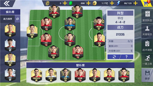 开始时并不是说你想打什么阵型,而是能打什么阵型。由于初期球员不多,第一次的10连抽往往决定了前期的阵容,如果首抽时中场较多,那就换个中场多的阵型,尽量做到高品质的球员都能上场,这样更容易打生涯模式。然后生涯模式里能获得不少的金钱,用这笔钱去转会市场里购入高品质的球员,从而逐渐打造自己的理想阵容。
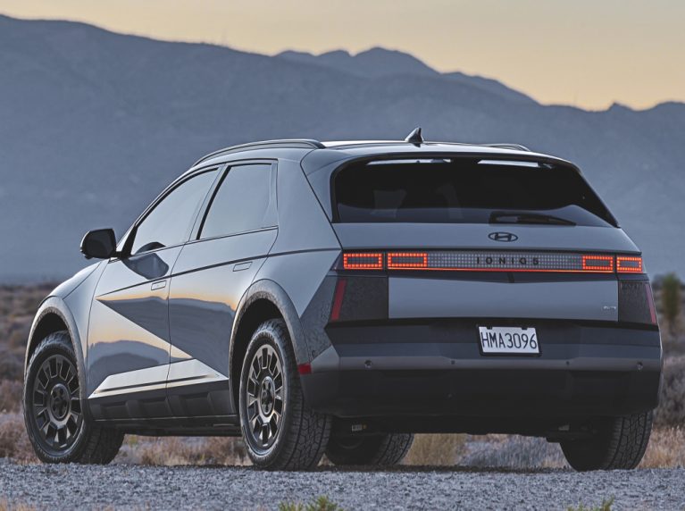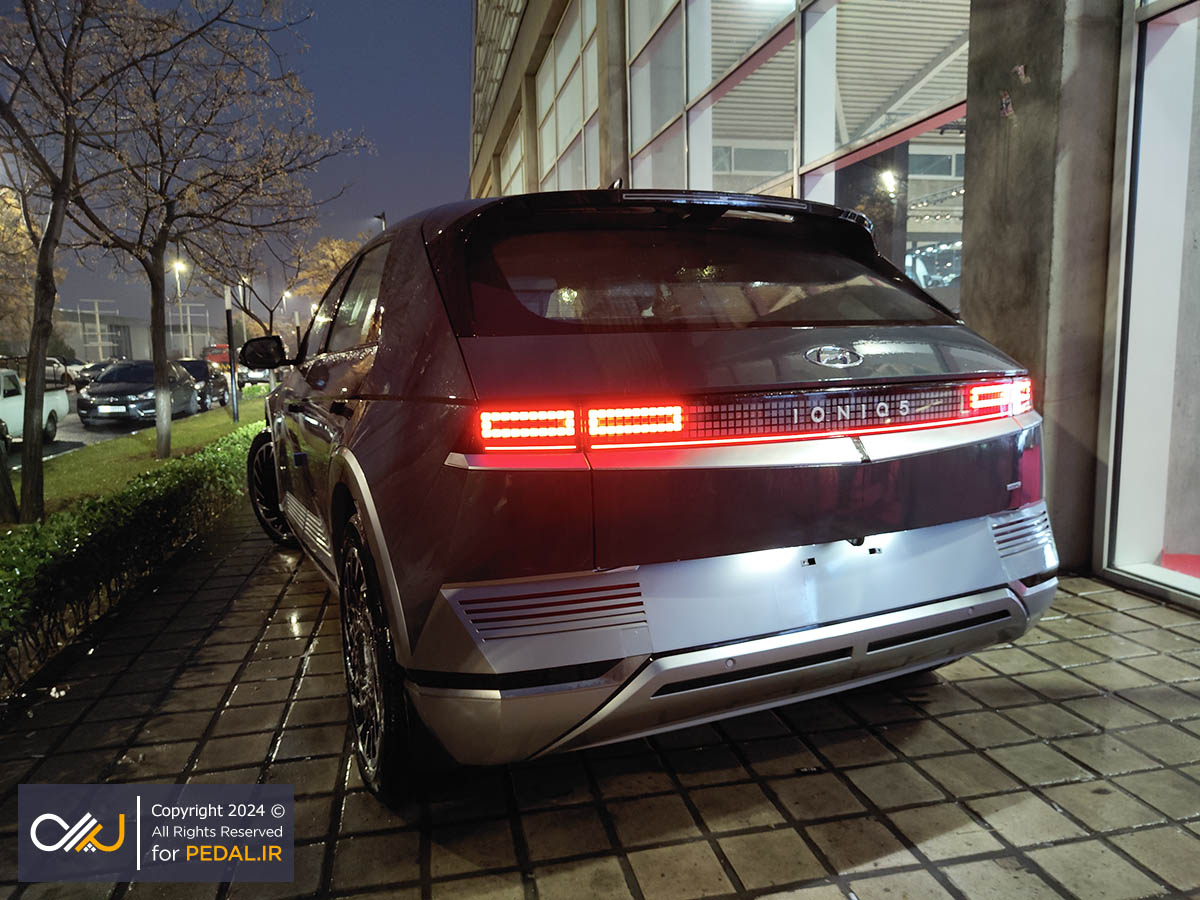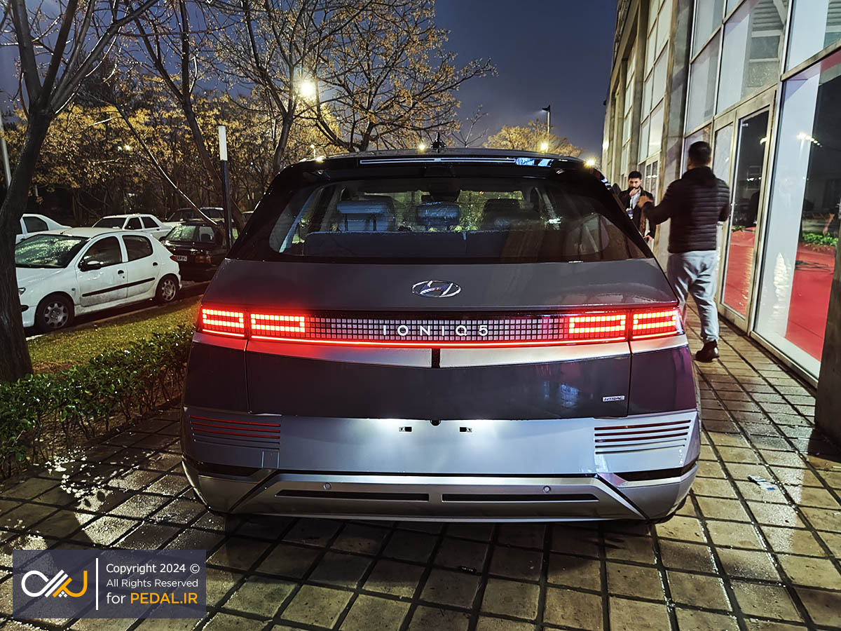 سبک چراغهای جلو در پشت آیونیک 5 نیز دیده میشود. چند LED مربعی، روشنایی این قسمت را تامین میکنند. خطوط شکسته و زاویههای تند، در نمای عقب شدت زیادی دارند تا حجمدهی فضایی برای آیونیک 5 فراهم شود. سپر سیاه پلاستیکی، مهمترین نکتهی منفی در طراحی این خودرو است.
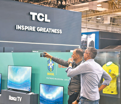 在2023年圣保羅國際消費類電子及家用電器產品展覽會上,參觀者在TCL展臺前合影留念。
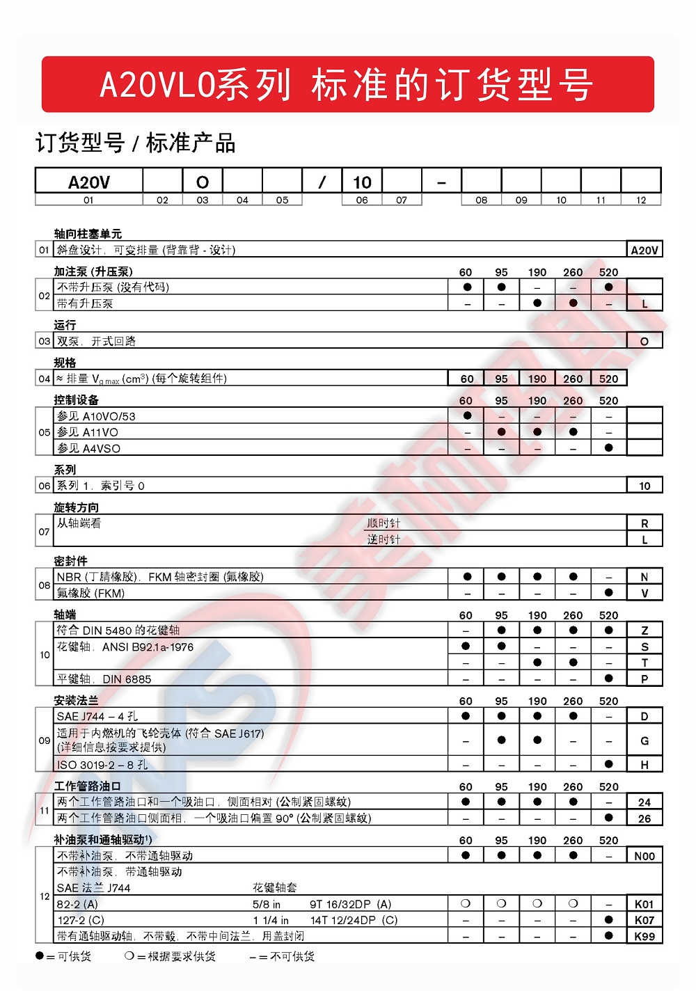 – 斜盤結構雙軸向柱塞旋轉組件變量泵,用于開式回路中的靜液壓傳動及行走機械和固定應用。
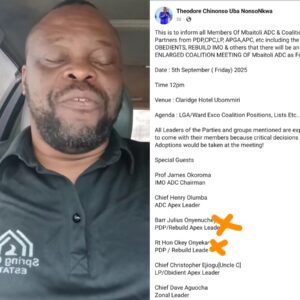 The People’s Democratic Party (PDP) in Mbaitoli Local Government Area, under the leadership of *Hon. Barr. Nzeh Uchenna Sunday Ojini*, has issued a strong caution to Mr.Theodore Chinonso Uba, popularly known as
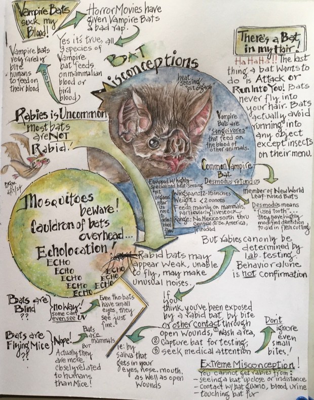 For this post, while exploring bats’ importance in the ecosystem, to science, and while recalling all of those Australian flying foxes I was curious about why and how bats hang upside down, the types of bats and their diets, and what adaptations Vampire bats have causing them to crave a diet of blood. Much of this rabbit-trailing led to myths and misconceptions about bats, then back to New Mexico’s most famous ‘out flight’ of the American Free-tailed Bat every spring, summer and fall evening from Carlsbad Caverns. While learning, several Haiku poems materialized reflecting bat behavior.
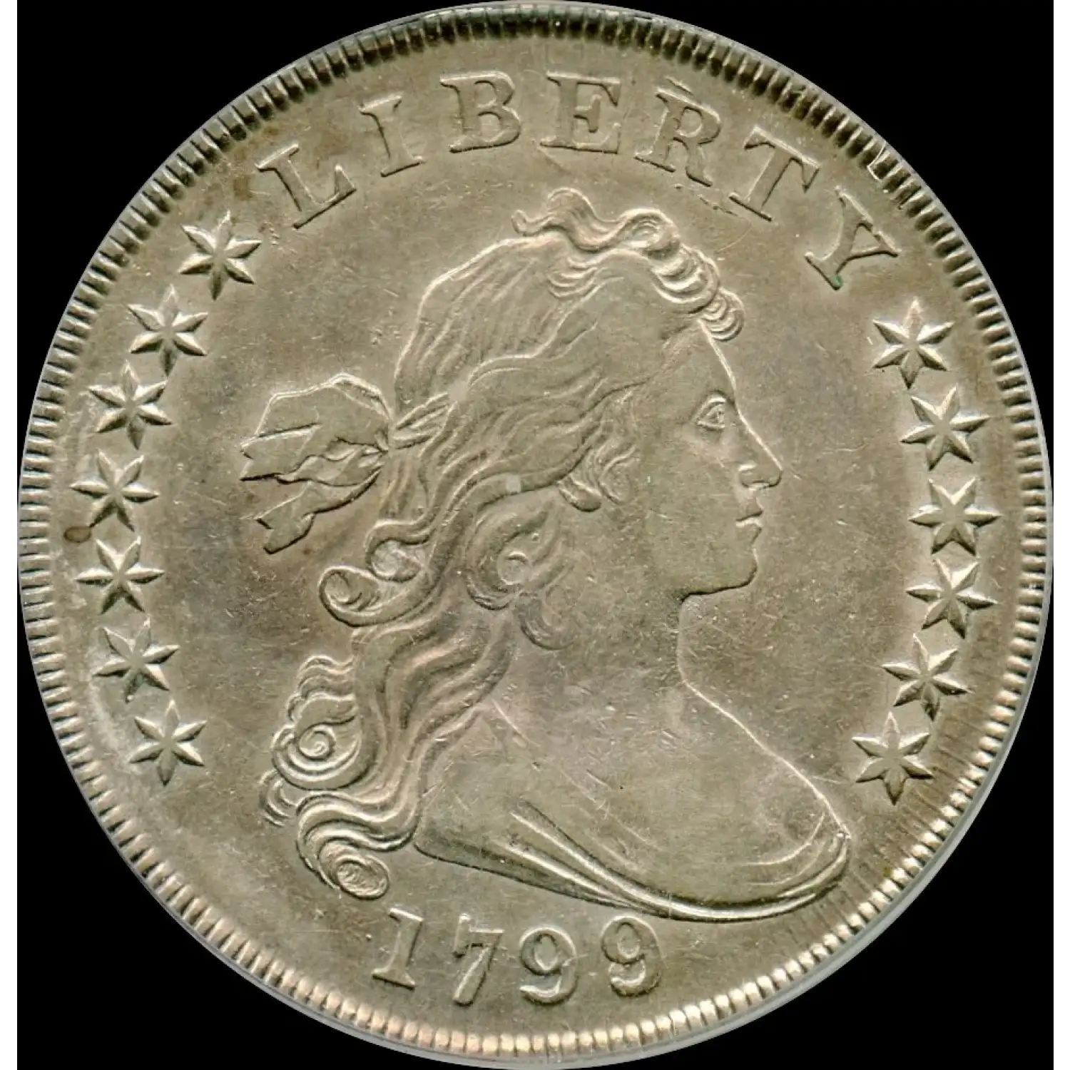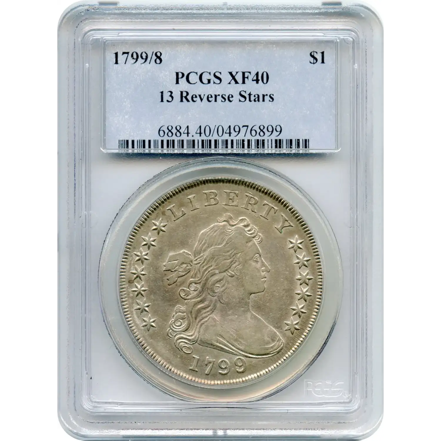 This is, in fact, a 1799/8 $1 Draped Bust Silver Dollar also known as BB-141, with 15 reverse stars. To quote our client (SS) he states "...This is the 15 star reverse. Stars 14 and 15 are barely peeking out from the first and last clouds. The middle row of stars on this reverse has six stars while the 13 star reverse has five stars in the second row. This is well struck with nice detail in the centers of several of the obverse stars." Couldn't have said it any better...! (We will endeavor to resbmit to PCGS under the Mechanical Error option).| Product ID | 557627 |

++++++++++++++++++++

**EXERCISE DETAILS:** Among the records above, locate the line containing "سبک چراغهای جلو" and the line containing "The People’s Democratic", then transcribe exactly the lines starting at the first and ending at the second, with no pictures.

**WRITTEN REPLY:**
 سبک چراغهای جلو در پشت آیونیک 5 نیز دیده میشود. چند LED مربعی، روشنایی این قسمت را تامین میکنند. خطوط شکسته و زاویههای تند، در نمای عقب شدت زیادی دارند تا حجمدهی فضایی برای آیونیک 5 فراهم شود. سپر سیاه پلاستیکی، مهمترین نکتهی منفی در طراحی این خودرو است.
 在2023年圣保羅國際消費類電子及家用電器產品展覽會上,參觀者在TCL展臺前合影留念。
 – 斜盤結構雙軸向柱塞旋轉組件變量泵,用于開式回路中的靜液壓傳動及行走機械和固定應用。
 The People’s Democratic Party (PDP) in Mbaitoli Local Government Area, under the leadership of *Hon. Barr. Nzeh Uchenna Sunday Ojini*, has issued a strong caution to Mr.Theodore Chinonso Uba, popularly known as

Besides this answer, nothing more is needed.